* **What needs to be done**:
Without copying any picture, transcribe exactly the lines of the data below from the one containing "Barbie 10 ks, oblečenie" through the one containing "6月1日上午,上海电力学院张".
** Opening Dataset block **
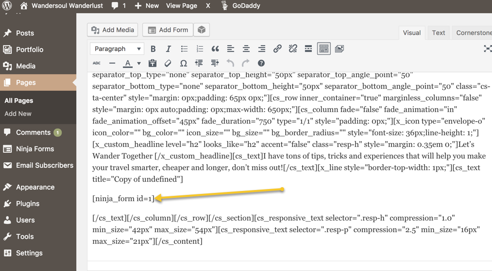 I have tried several times now to add a contact ninja form to my homepage with no luck.
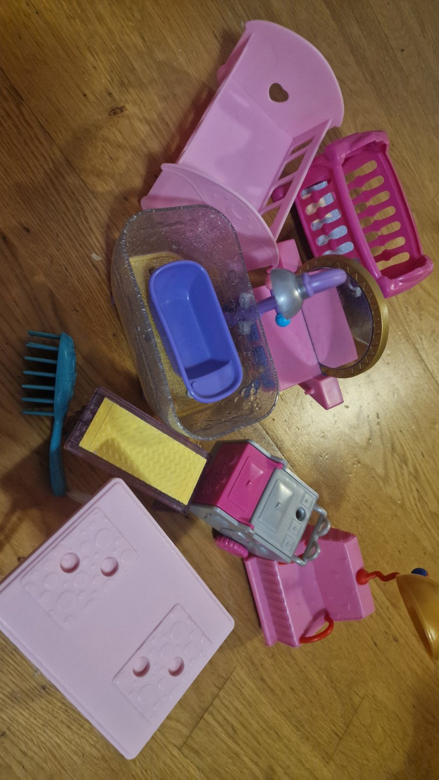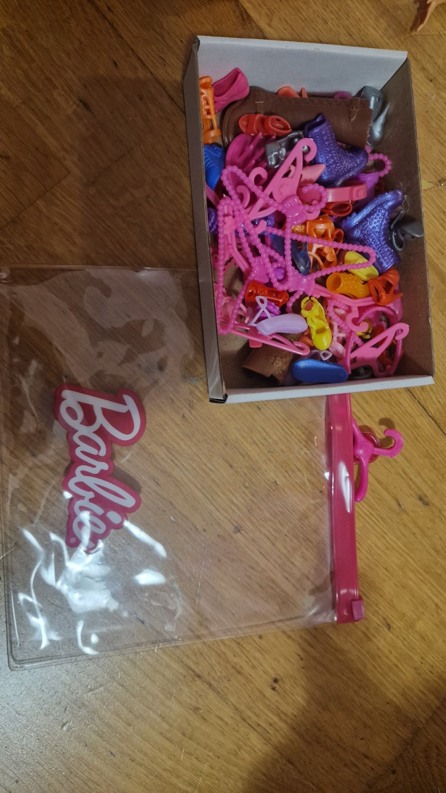 Barbie 10 ks, oblečenie asi 25 ks, šatník, topánky, vešiaky a nejaké kusy nábytku.
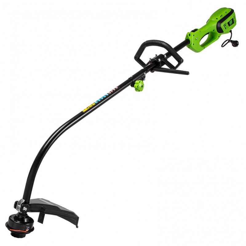 Он имеет изогнутую форму штанги, что позволяет легко обрабатывать участки даже в труднодоступных местах: вдоль заборов, стен, тротуаров и вокруг деревьев
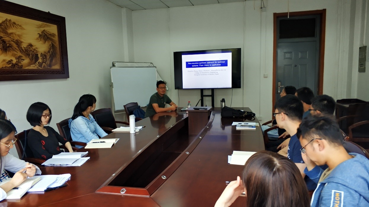 6月1日上午,上海电力学院张传林博士应邀来beat365进行学术交流,并作了题为“不确定系统的非递归综合——从理论到应用”的学术报告。报告会由王燕舞教授主持,beat36520多位师生参加了报告会。
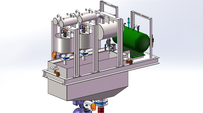 卸料系統(tǒng) 大角度卸料斗,卸料順暢; 內(nèi)置NM400材料耐磨襯板,使用壽命長; 可選配暫存斗,效率更高。 |
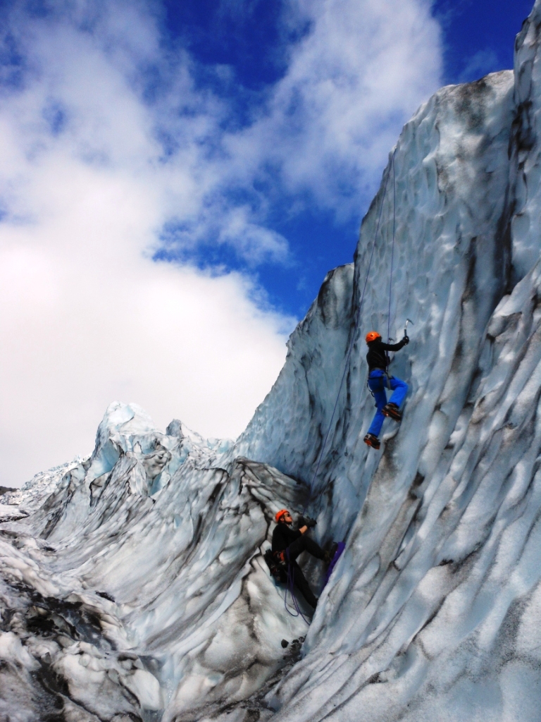 ¡¡El tour del glaciar ha sido espectacular!! Hemos disfrutado como unos enanos. Al final solo éramos Rafa y yo, un chico de Israel (Thal) que estaba de año sabático después del servicio militar y nuestro gran guía, Gestur. Además de las distintas paredes del glaciar que escalamos, probamos a picar un poco de hielo de glaciar, a beber del agua que se funde del hielo e hicimos un recorrido bastante chulo.
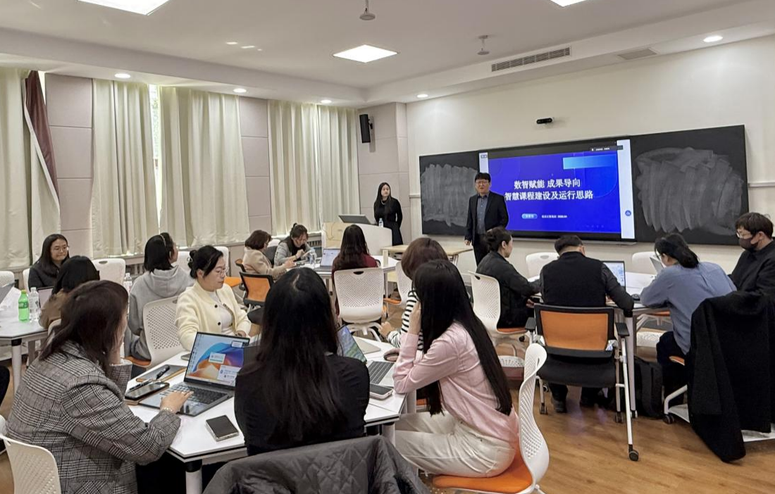 为深入推进教育数字化转型,全面提升教师智慧教学与AI技术应用能力,4月8日下午,外国语学院举办教师AI能力提升与教学创新实践专题培训。本次培训由刘一副院长主持,学院全体教学管理人员及部分专任教师参加。
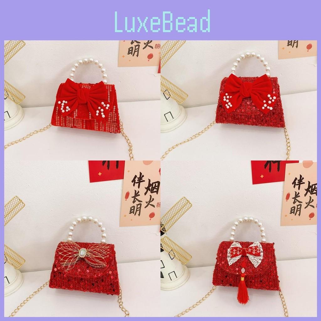 Festive Glittery Red Pearl Bow Bag For Children Ideal For New Year And Wear Casual
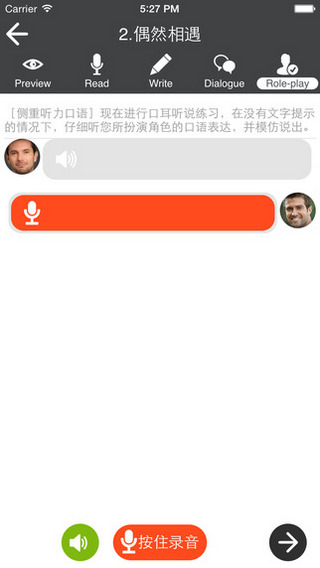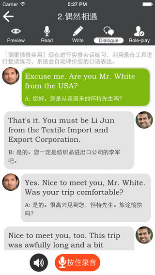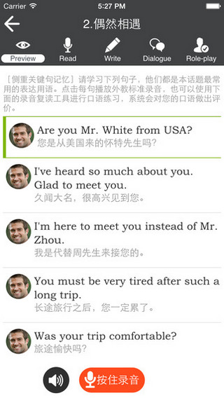 【读】:您可以跟着外教一起读,外教读一句,您模仿一句,iphone会将您朗读的句子录音并回放,逐字逐句纠正您的口语发音。 【说】:您可以和外教进行模拟实景会话练习,您选择一个角色来扮演,iphone可以将您的虚拟会话录音并回放,提升您口语的实用能力。
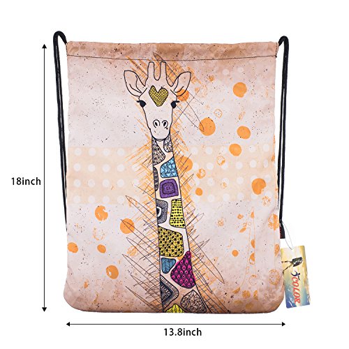 iColor Sport Sackpack,Drawstring Backpack,Stylish Multipurpose Girls Nylon Gym Bags,Teen Yoga Dance Bag,Lightweight Gym Bag for Women Cycling Hiking,Gymsack Travel Daypack 18" x 13.8" (Giraffe)
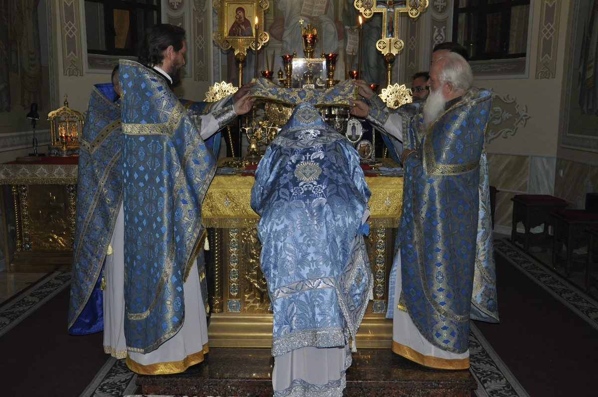 После сугубой ектении владыка вознес молитву о мире на Святой Земле, молитву о Святой Руси, и молитву об исцелении болящих.
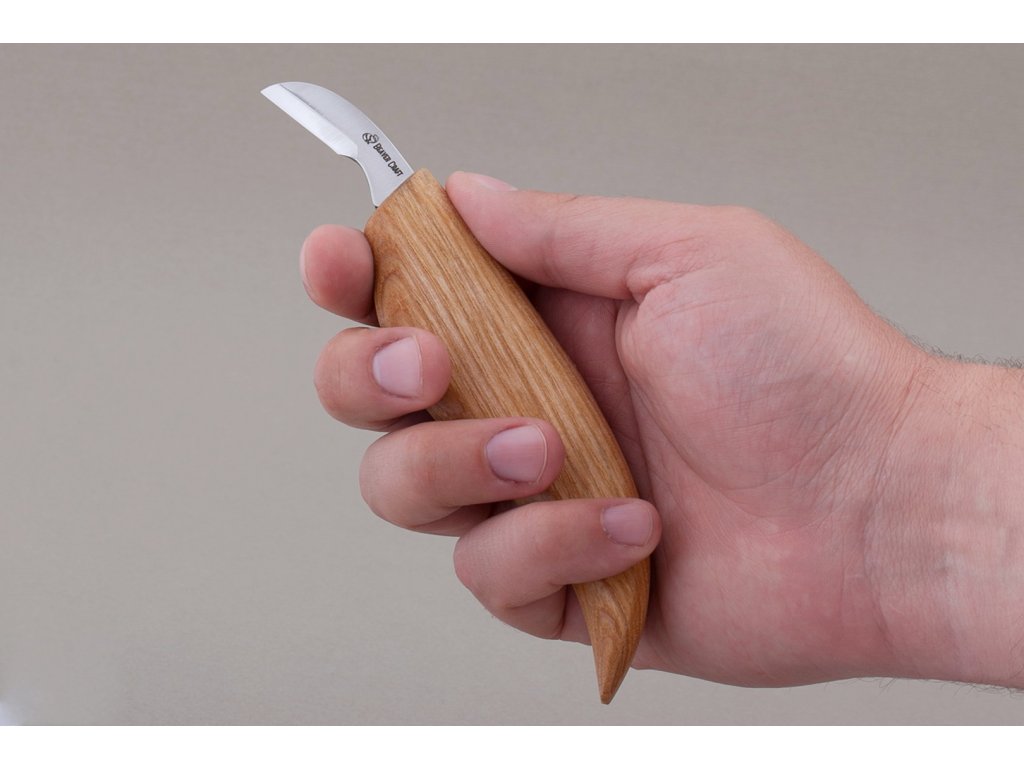 Cuțit special pentru sculptura în lemn, cu lamă scurtă. Potrivit pentru sculptarea formelor rotunjite netede, a formelor geometrice și a detaliilor. Lungimea părții ascuțite a lamei este de 2,5 cm. Lama este fabricată din oțel carbon 65G, duritate de 57-59 HRC. Cuțitul din oțel carbon 65G rezistă bine la uzură și este ușor de ascuțit, dar este predispus la rugină (lama trebuie curățată și uscată bine după utilizare; de asemenea, este recomandabil să o ungeți ocazional cu ulei). Mânerul este realizat din lemn de frasin, impregnat cu ulei de in.
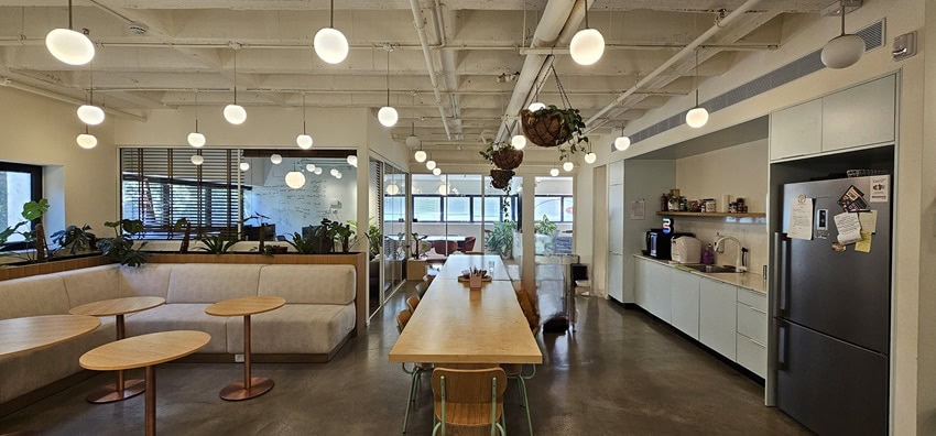 אודות חלוקת המשרד: המשרד מחולק לשני אופן ספייסים (כל אחד 11 עמדות עבודה), 2 חדרי עבודה זוגים, חדר צוות 3 עמדות עבודה, חדר לאונג’ שיכול לשמש גם חדר אחד על אחד או חדר ישיבות קטן או חדר עבודה זוגי, מקלחת, מטבח פתוח עם פינת אוכל, חדר שרתים.
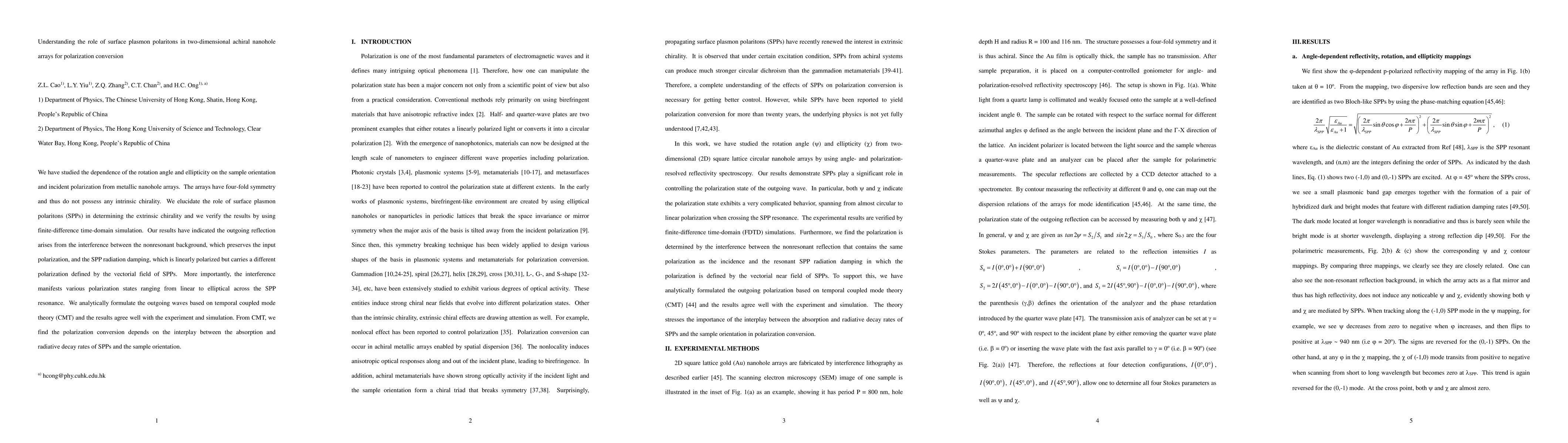 Researchers studied how metallic nanohole arrays convert polarized light into different polarization states through surface plasmon polaritons, finding that the conversion depends on the array's orientation and SPPs' absorption and radiative decay rates.
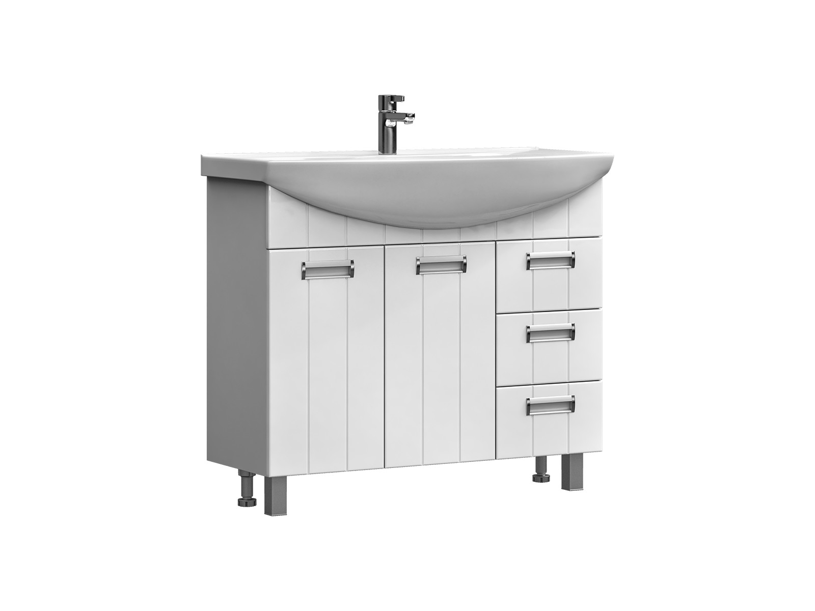 Оснащение: 2 дверцы; 3 ящика; 1 полка ЛДСП; ручка металлическая хромированная; опоры квадратные регулируемые
** Closing Dataset block **
* **Solution to the exercise**:
 Barbie 10 ks, oblečenie asi 25 ks, šatník, topánky, vešiaky a nejaké kusy nábytku.
 Он имеет изогнутую форму штанги, что позволяет легко обрабатывать участки даже в труднодоступных местах: вдоль заборов, стен, тротуаров и вокруг деревьев
 6月1日上午,上海电力学院张传林博士应邀来beat365进行学术交流,并作了题为“不确定系统的非递归综合——从理论到应用”的学术报告。报告会由王燕舞教授主持,beat36520多位师生参加了报告会。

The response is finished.